The shadow energy and environment secretaries called for a debate on the regulations in an open letter to their opposite numbers in government.
Labour’s Lisa Nandy (left, energy) and Kerry McCarthy (environment) raised the issue after last Tuesday’s vote by the Second Delegated Legislative Committee on the Draft Onshore Hydraulic Fracturing (Protected Areas) Regulations.
They told the Energy Secretary, Amber Rudd, and the Environment Secretary Liz Truss, that Labour believed:
“Such important issues should be subject to a debate and a vote of the whole House.”
The regulations allow fracking at depths greater than 1,200m under National Parks, Areas of Outstanding Natural Beauty and World Heritage Sites. There is no protection in the regulations for fracking in Sites of Special Scientific Interest and there are currently no regulations to ban fracking from the surface of protected areas, despite a government promise.
The SNP MP, Callum McCaig, asked for a debate on the regulations but was turned down by the leader of the Commons, Chris Grayling.

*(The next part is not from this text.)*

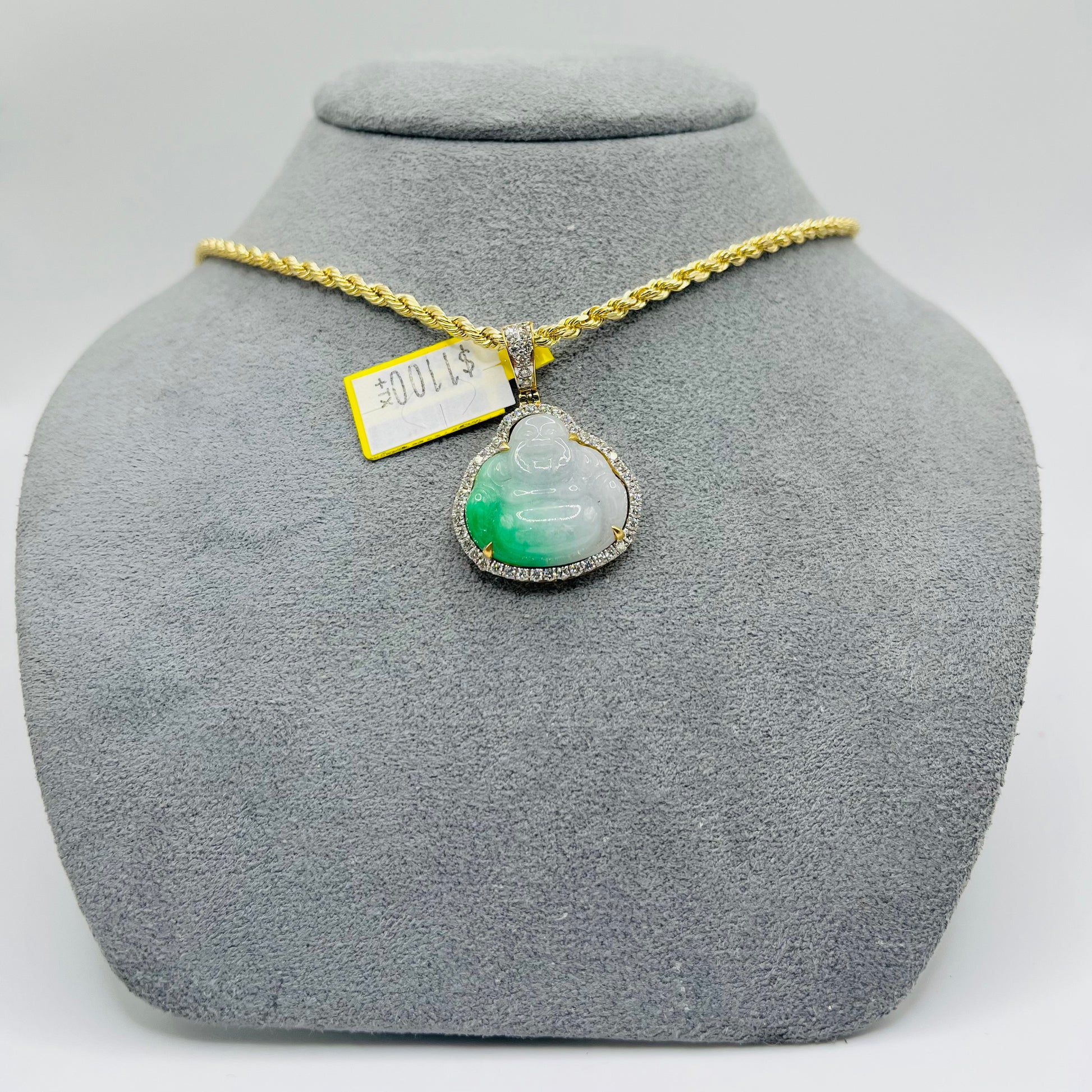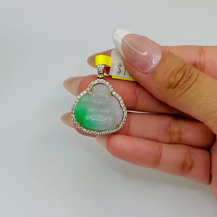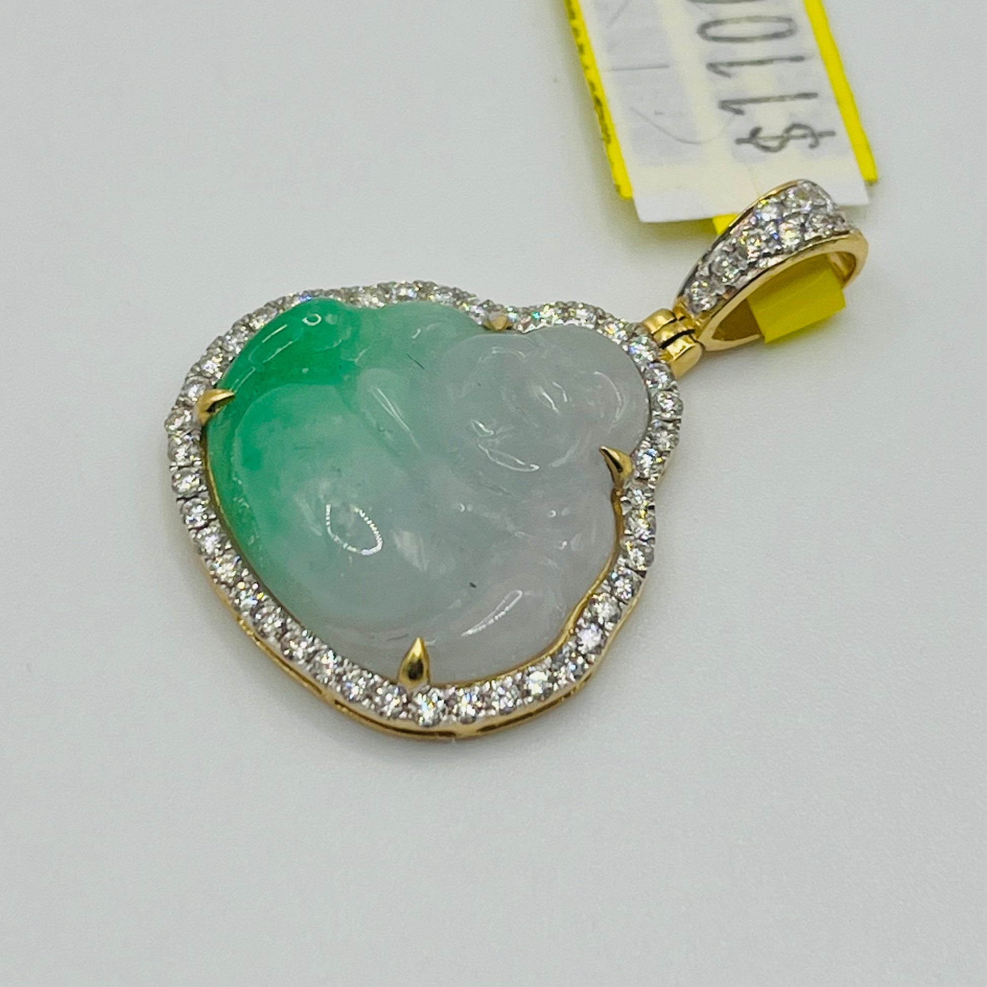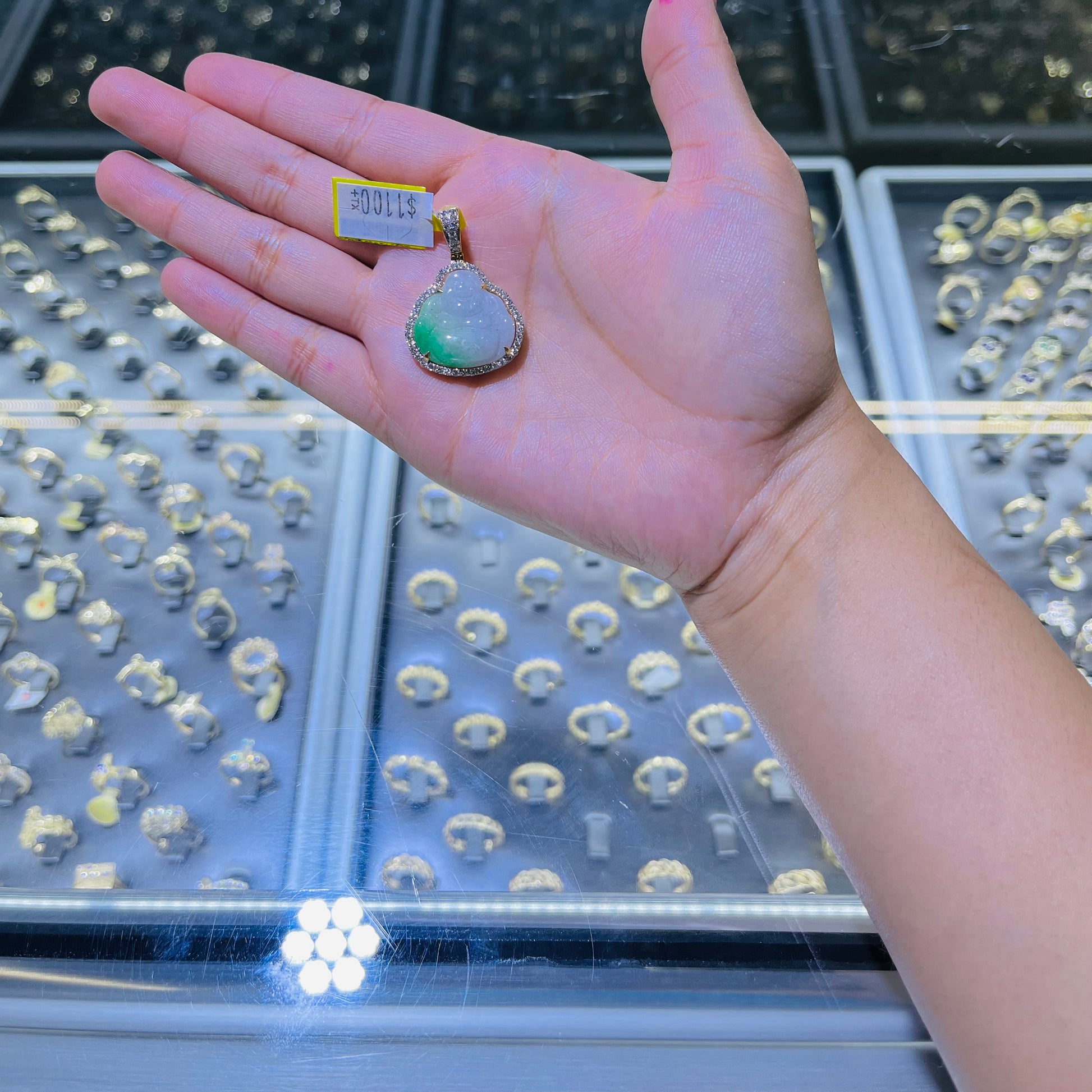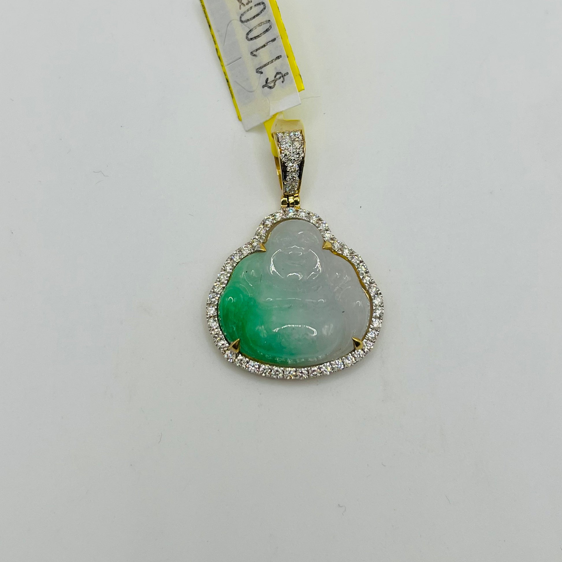 10k Gold Natural Diamond Green And White Jade Buddha Charm

Ms Nandy and Ms McCarthy said in their letter, published yesterday, they were disappointed that the government appeared to be against a debate.
“We absolutely believe these weakened regulations fail to provide critical environmental safeguards, which must be re-introduced before any further developments in fracking can take place. Nothing that was said in Committee has allayed our concerns.”
Under parliamentary etiquette, MPs have a chance to vote on, but not debate, the regulations when they are put before the House of Commons, provided enough shout ‘No’ at the right moment.
At the time of writing, the government had not put forward a motion to agree the regulations so there is no date for when they will come before MPs. Ms Nandy and Ms McCarthy said:
“Could you confirm whether the government intends to press ahead and if so, can you confirm when you will be bringing forward the motion and the date of when a vote will take place on them?
“While we would be delighted if the government have had a change of heart, we are concerned that you are trying to push this through at short notice giving MPs and the public very little notice ahead of a deferred division or attempt through parliamentary procedural trickery to have a vote with less than a day’s notice.”